Patients were classed by coinfection status, age, and sex. Age was determined by subtracting the birth year from 2013; adults were those > 18 years. Coinfection status was defined as baseline history of chronic hepatitis C (HCV) infection or any history of human immunodeficiency virus (HIV); history of hepatitis delta virus (HDV) infection was also captured. Patients were defined as clinically managed in the US and Germany based on at least one HBV-related office-based physician visit during baseline and for Taiwan, an insurance claim for chronic HBV or two claims for acute HBV more than 6 months apart, or the use of chronic HBV medications.

History of liver-related comorbidities (liver fibrosis, cirrhosis, decompensated liver disease, liver transplantation) was ascertained through diagnostic codes; however, the prevalence of liver fibrosis was measured only during baseline. For comparability across studies, patients with a history of decompensated liver disease were considered to have a history of decompensated cirrhosis. History of cancer (including HCC), osteodystrophy, and chronic kidney disease was also captured. German outpatient diagnostic data were captured quarterly, but all other data were date-specific.

Treatment status was defined based on active prescriptions at index; alternative treatment definitions (baseline or any history) were explored in Taiwan. For the US and Taiwanese populations, healthcare utilisation included outpatient presentations (outpatient clinic visits or emergency room visits) and inpatient admissions during baseline, and for the German population, office-based physician or acute day-ward visits and inpatient admissions during baseline were included.
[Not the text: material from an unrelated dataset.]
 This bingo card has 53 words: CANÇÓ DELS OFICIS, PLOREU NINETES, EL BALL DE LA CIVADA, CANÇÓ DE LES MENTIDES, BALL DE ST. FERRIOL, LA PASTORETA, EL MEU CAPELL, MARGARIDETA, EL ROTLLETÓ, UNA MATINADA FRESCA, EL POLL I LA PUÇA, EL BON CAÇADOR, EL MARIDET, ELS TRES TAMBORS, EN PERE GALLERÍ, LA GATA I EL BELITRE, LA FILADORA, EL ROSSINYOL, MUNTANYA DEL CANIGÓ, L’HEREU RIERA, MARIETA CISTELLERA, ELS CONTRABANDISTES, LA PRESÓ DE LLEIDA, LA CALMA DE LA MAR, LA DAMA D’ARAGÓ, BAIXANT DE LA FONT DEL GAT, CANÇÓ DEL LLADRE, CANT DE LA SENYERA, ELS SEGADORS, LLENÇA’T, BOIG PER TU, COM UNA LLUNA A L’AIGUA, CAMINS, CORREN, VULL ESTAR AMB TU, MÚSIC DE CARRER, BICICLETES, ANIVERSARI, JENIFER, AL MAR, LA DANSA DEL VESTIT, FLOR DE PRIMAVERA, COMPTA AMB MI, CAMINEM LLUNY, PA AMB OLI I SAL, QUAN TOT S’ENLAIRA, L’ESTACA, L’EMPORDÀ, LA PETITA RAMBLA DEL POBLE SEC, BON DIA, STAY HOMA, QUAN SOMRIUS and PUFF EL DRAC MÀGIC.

For treatment pattern analyses, discontinuation was defined by a gap of > 30 days between the end of a prescription and the next. Treatment patterns and long-term clinical outcomes data presented in this manuscript largely focus on non-coinfected adult (NCIA) patients.

Statistical Analysis

The prevalence of chronic HBV infection in 2013 was calculated by using the number of patients with chronic HBV infection from 1 January 2010 until 31 December 2013 (US and Taiwan cohorts) or 31 December 2012 (German cohort) as the numerator and covered individuals in each respective database or age group as the denominator.
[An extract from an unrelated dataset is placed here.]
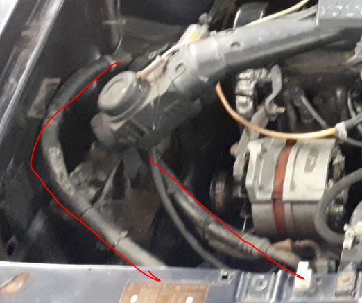 Wenn die Schläuche für die Servo auf der rechten Seite runter zum Lenkgetriebe gehen - dann wären die ja länger als ne Anakonda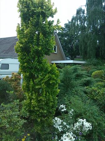 Van vakantie terug en in de tuin aan het werk, zag ik in/op de bladeren van mijn goudiep bessen of bolletjes, die gedeeltelijk vergroeid zijn met het blad.Zie foto's Wat is dit? Een soort galwesp of iets dergelijks en is dit nadelig voor de boom? 1ste foto goudiep in vol ornaat. 2e foto de aantasting

For baseline characteristics, relative frequencies and percentages were calculated for categorical data, means and standard deviations (SDs) for continuous data. Confidence intervals (CIs) of 95% around proportions were calculated using standard formulae and presented in squared parentheses. If p*N or (1 − p)*N was < 10, where p was the proportion and N was the denominator, exact CIs were calculated in Stata 14.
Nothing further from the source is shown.